Transmitting station in Wales

The St Hilary transmitting station is a facility for telecommunications situated close to the village of St Hilary, Glamorgan in the Vale of Glamorgan, Wales, in the United Kingdom. It comprises a 750 ft guyed mast with antennas attached at various heights. The site was established in 1958 for Independent Television transmission on VHF. Transmissions from the site include FM radio, DAB radio and mobile telephone signals.

It broadcasts Heart South Wales on FM and DAB to the large parts of South Wales.

Its broadcast areas include: St. Hilary, Cowbridge, Ystradowen, Miskin, Pontyclun, Bonvilston, St. Nicholas, Swansea, Llanelli, West of Barry, Pontypridd, Caerphilly, Mountain Ash, Llantrisant, Church Village and Talbot Green.

The studios of the regional radio station Nation Radio are located on the site and its DAB transmissions to south-east Wales are made from the mast.
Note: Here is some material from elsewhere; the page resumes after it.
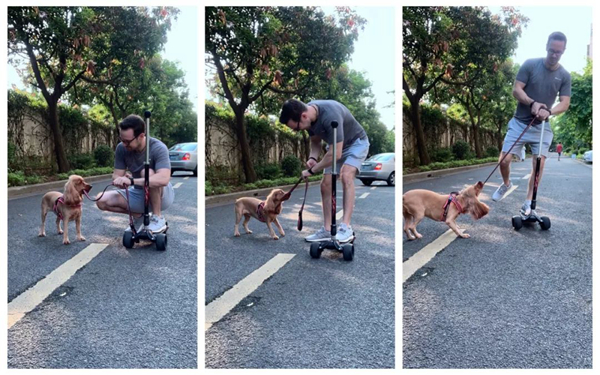 检查完邮件,Julian就会带着狗狗和micro monster魔鬼滑板车开始晨练。“我滑滑板车的时候,狗狗喜欢跟着我,因为魔鬼滑板车可以一手掌控,所以我的另一只手可以牵着绳子。”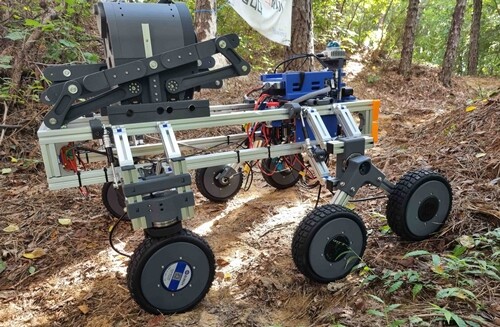 한기대 ‘2025 졸업작품 경진대회’에서 대상을 수상한 메카트로닉스공학부 가제트팀의 ‘드론 배터리 자동 교체 플랫폼을 탑재한 산악 지형 잔불 진화 로봇’. 사진=한기대 제공 |

Nation Radio also transmits from other sites, including on FM from nearby Wenvoe and from Kilvey Hill in Swansea.

==History==
===Construction===
The plan by the Independent Television Authority (ITA) to build a mast at the site was controversial (prompting a House of Lords debate in May 1957). This was due to its proximity to Rhoose Airport (now Cardiff International Airport), and ITA's initial plan for a 1000 ft mast on a site that itself is 125 m above sea level.

Objections were noted, the mast height was eventually limited to 750 ft and it was built by BICC in Summer 1957 to provide 405-line VHF television to south Wales and the West of England.

===Transmission===
Test transmissions commenced on 2 September 1957 on Band III channel 10 (199.75 MHz) from antennas at 340 m above sea level and the station entered television broadcast service on that frequency in January 1958. The programming was initially provided by TWW.

In 1965, Band III channel 7 (184.75 MHz) was added to the mast, transmitting from an antenna array sited about 20 m below the existing channel 10 array. This was to carry the programmes of the bilingual Teledu Cymru service that were already being provided by TWW in the rest of Wales, which in 1968 was replaced by Harlech Television (HTV Wales). From that point onwards, the channel 10 transmissions carried the English-language "General Service" (again, initially provided by TWW, and from 1968 by HTV).

In 1985, when 405-line TV closed, the site was re-engineered to remove the VHF television antennas. St. Hilary became just a telecommunications mast and remained so until October 2000 when Real Radio commenced FM Radio broadcasting from the site. In late 2000, DAB Digital Radio was added to the radio broadcasting repertoire initially transmitting the Cardiff & Newport multiplex on channel 11C, but with Swansea SW Wales on channel 12A commencing in February 2004.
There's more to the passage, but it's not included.